General Headcanons
( extrapolation station )
Years of preparation, and it came down to this: Kuja, sitting on an ornate couch in a locked room in his stately Treno home, a doll pulled partly into his lap and a needle and thread in his hands. Stitch after stitch, the moment of truth approached. By now he’d been working upon the inactive doll for long enough he was in that certain state of task flow where the action, in its repetition, has become completely thoughtless.
For an unremarkable time his mind was as empty as the being forming in his hands.

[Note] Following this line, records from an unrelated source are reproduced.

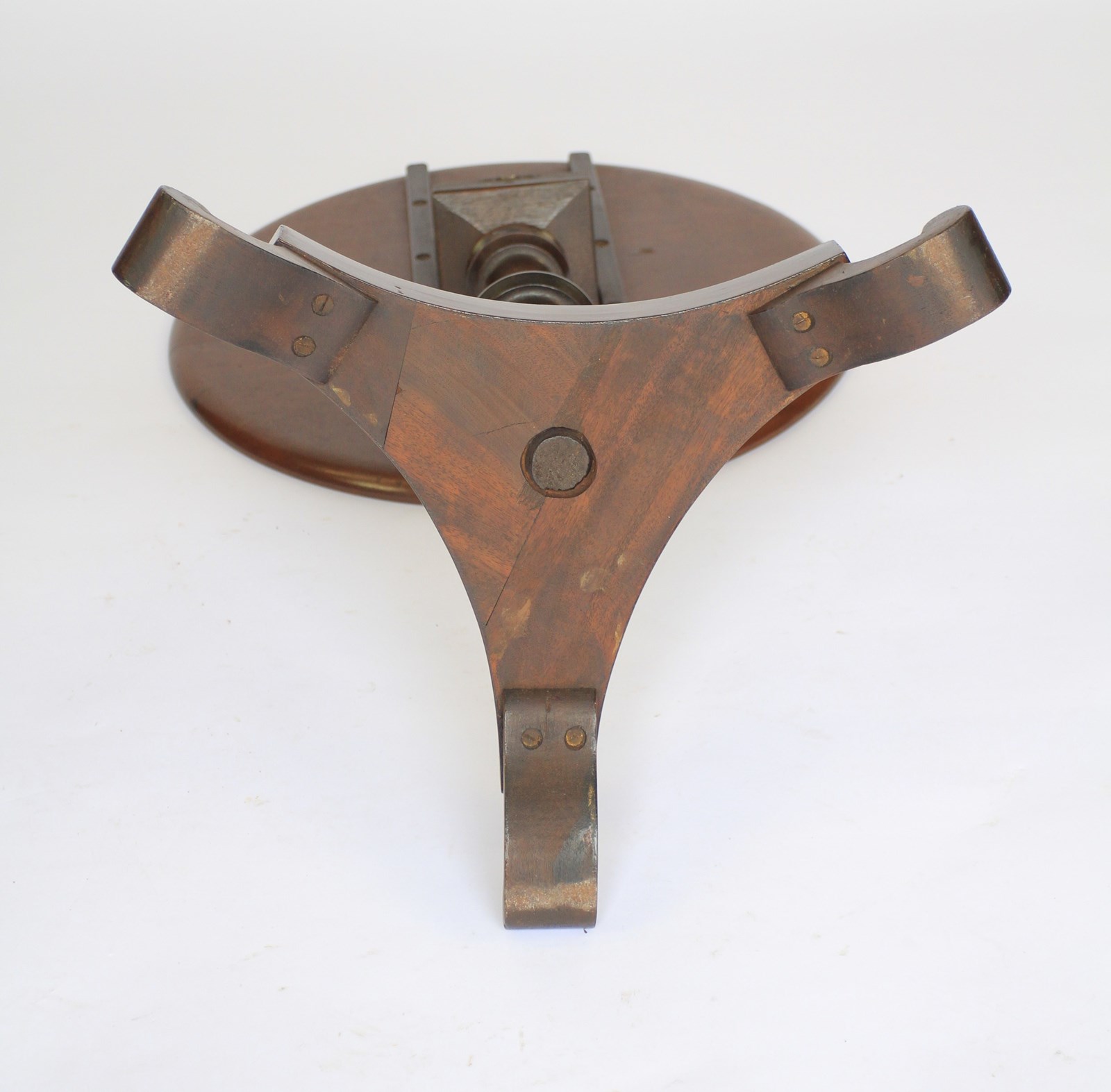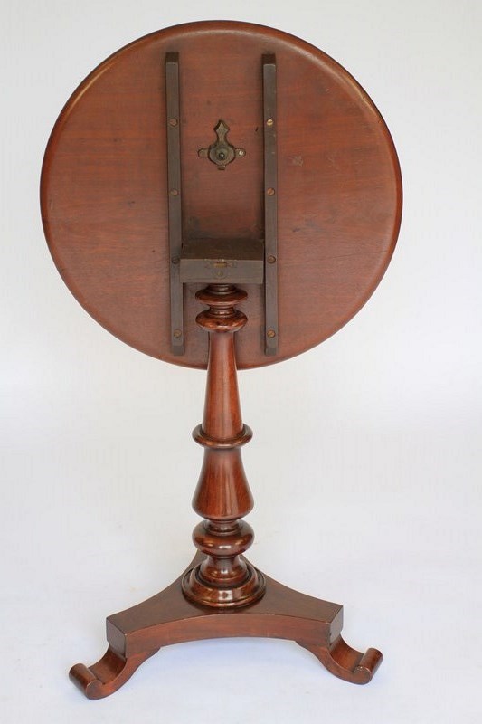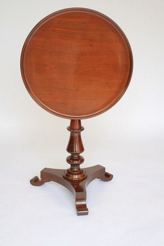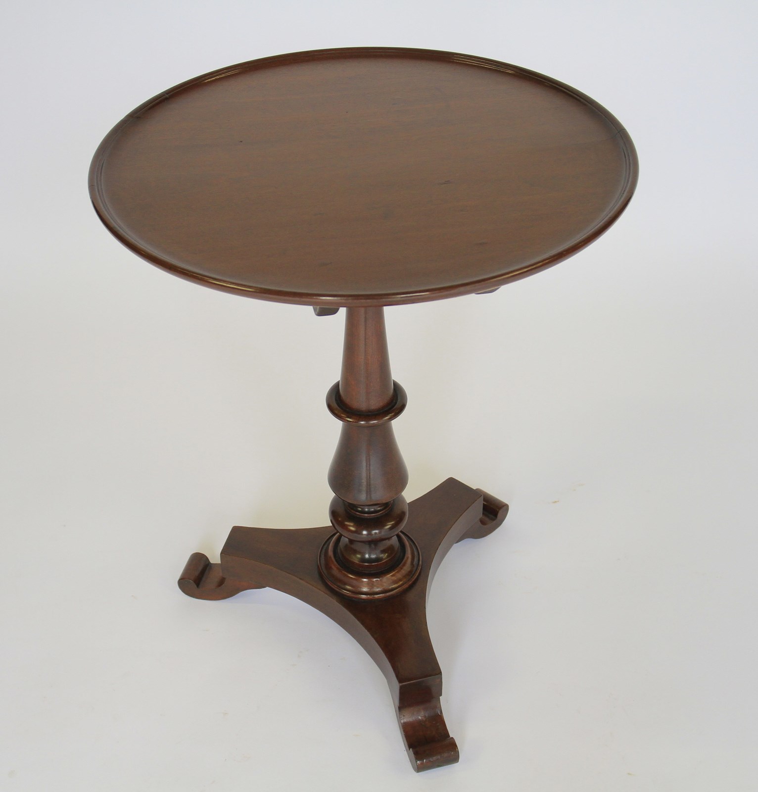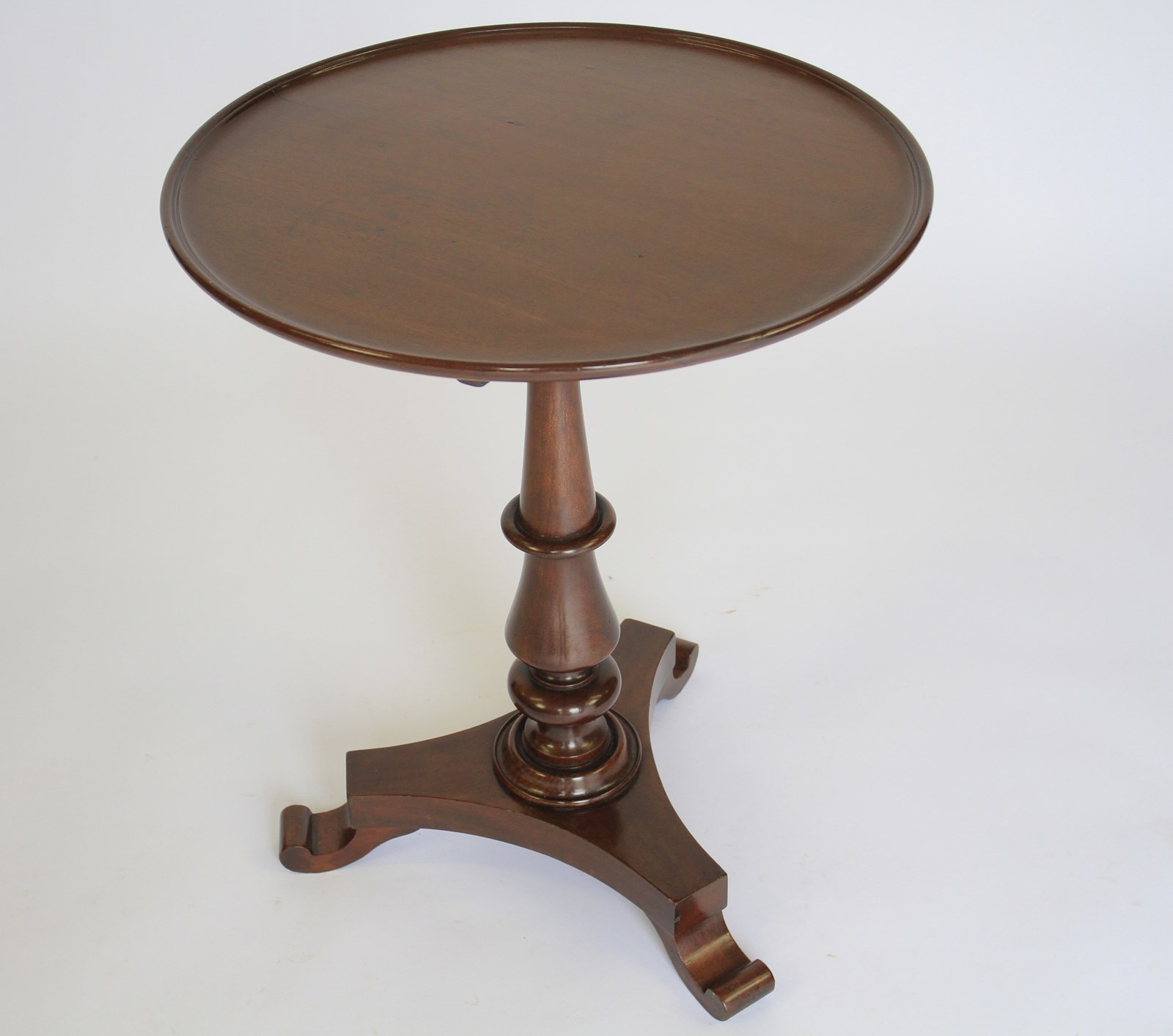 William 1V period Mahogany tip-up table circa 1830s. Circular dish top, 51 cm diameter. Brass catch under to release top, Turned Pedestal, Triform shaped Platform base, 3 curved splay feet. Good quality Mahogany. Recently Polished.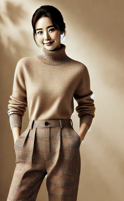 터틀넥과 체크 패턴 팬츠의 조합은 클래식하면서도 트렌디한 스타일을 연출해줍니다. 여기에 로퍼나 앵클 부츠로 마무리해 품격 있는 룩을 완성해 보세요.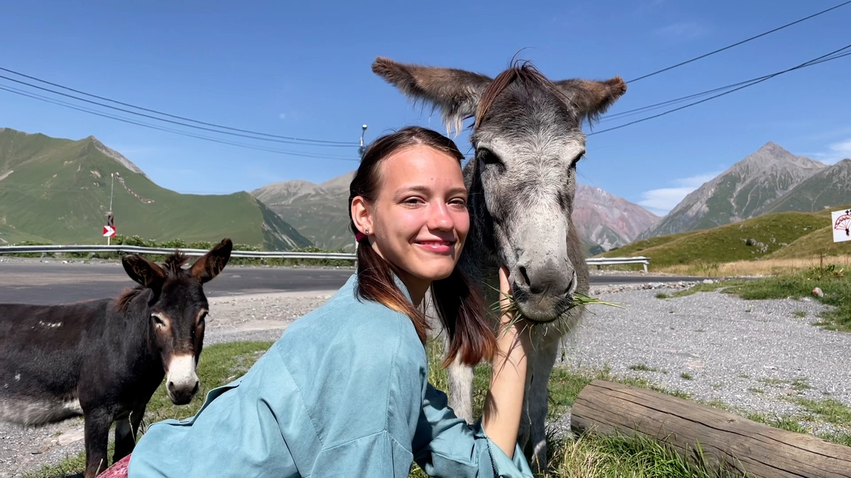 Я помахал ему рукой и отъехал на прежнее место. Ну ладно, дают — бери, бьют — беги. Пусть лежат, может и пригодятся когда. (не пригодились, лежат уже три года как сувенир). Позавтракали, автобус загрузил поляков и умчал на какие-то достопримечательности. Нам тоже пора бы, вчера вот Арку Дружбы в сумерках проскочили, надо заехать. Девчонки увидели осликов и побежали к ним, а я запустил коптер, пролететься над Гудаури.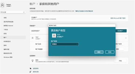 2.添加完成,更改账户类型,改成管理员,点确定。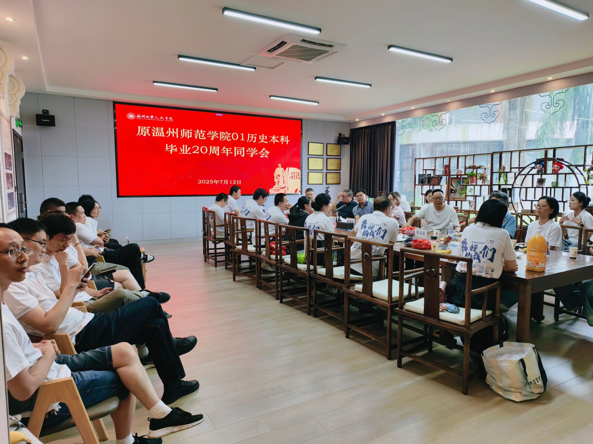时光荏苒,岁月如歌。7月12日,2001级历史本科班校友们从五湖四海重聚母校。熟悉的校园,久违的面孔,重逢的喜悦在握手言欢、笑语晏晏中弥漫开来,共同开启一场追溯青春、感念师恩的温暖聚会。

There was nothing but push and pull, the gleam on the needle, the soundless roar of a still room suppressed only by his motions.
The roar was what brought him back from the submerge. Uncomfortable with too much prying stillness, his mind began to wander, and he began to hum. A tune from a play, as always. He wasn’t even sure which.
Would it wake?
The knowledge of how to craft a vessel such as this had been with him since his own creation. Severely he doubted it to be a path he himself was ever meant to tread – rather, Kuja suspected his own maker had forgotten the secret of ‘life’ was one all Genomes were imbued with. An artifact left carelessly behind, when the decree of purpose shifted from vessel to angel.
The basics of speech, the coordination to take one step, then another-- these were things Kuja had never learned, but knew. So too it was this.
It would wake.
Pierce. Turn. Pull.
The puppet tugged the string
…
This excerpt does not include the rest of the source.